Top of Material for this exercise

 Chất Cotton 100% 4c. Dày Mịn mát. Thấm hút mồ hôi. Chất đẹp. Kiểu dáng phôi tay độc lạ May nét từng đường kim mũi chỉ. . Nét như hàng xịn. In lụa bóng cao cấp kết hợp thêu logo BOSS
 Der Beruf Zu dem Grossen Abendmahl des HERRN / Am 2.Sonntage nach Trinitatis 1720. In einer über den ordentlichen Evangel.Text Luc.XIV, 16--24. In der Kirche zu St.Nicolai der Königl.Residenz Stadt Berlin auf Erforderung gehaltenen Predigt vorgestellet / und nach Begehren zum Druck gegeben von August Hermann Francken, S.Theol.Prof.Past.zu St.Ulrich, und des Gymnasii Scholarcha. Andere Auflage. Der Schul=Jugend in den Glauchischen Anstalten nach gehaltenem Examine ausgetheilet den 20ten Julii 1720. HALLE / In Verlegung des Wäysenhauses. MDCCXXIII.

Bottom of Material for this exercise
Top of Material for this exercise

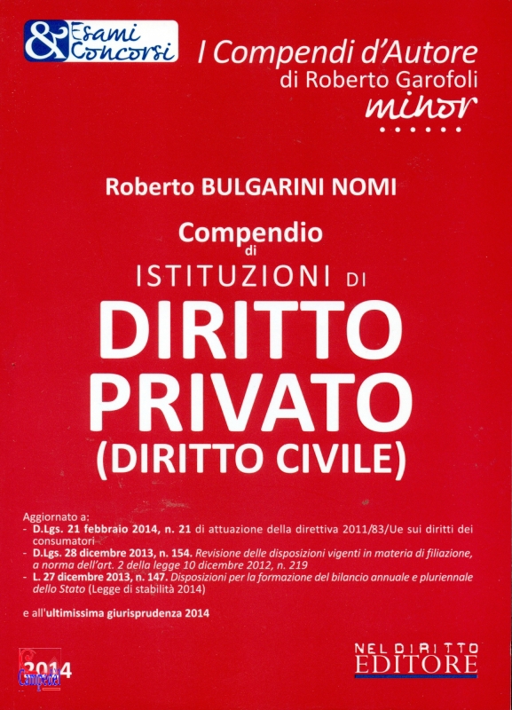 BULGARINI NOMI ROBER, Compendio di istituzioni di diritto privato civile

Bottom of Material for this exercise

__Instructions to follow__: Please transcribe exactly the lines above from the line that has "Chất Cotton 100%" up to and including the line that has "Der Beruf Zu"; no other line belongs in the answer.

__Result below__:
 Chất Cotton 100% 4c. Dày Mịn mát. Thấm hút mồ hôi. Chất đẹp. Kiểu dáng phôi tay độc lạ May nét từng đường kim mũi chỉ. . Nét như hàng xịn. In lụa bóng cao cấp kết hợp thêu logo BOSS
 Der Beruf Zu dem Grossen Abendmahl des HERRN / Am 2.Sonntage nach Trinitatis 1720. In einer über den ordentlichen Evangel.Text Luc.XIV, 16--24. In der Kirche zu St.Nicolai der Königl.Residenz Stadt Berlin auf Erforderung gehaltenen Predigt vorgestellet / und nach Begehren zum Druck gegeben von August Hermann Francken, S.Theol.Prof.Past.zu St.Ulrich, und des Gymnasii Scholarcha. Andere Auflage. Der Schul=Jugend in den Glauchischen Anstalten nach gehaltenem Examine ausgetheilet den 20ten Julii 1720. HALLE / In Verlegung des Wäysenhauses. MDCCXXIII.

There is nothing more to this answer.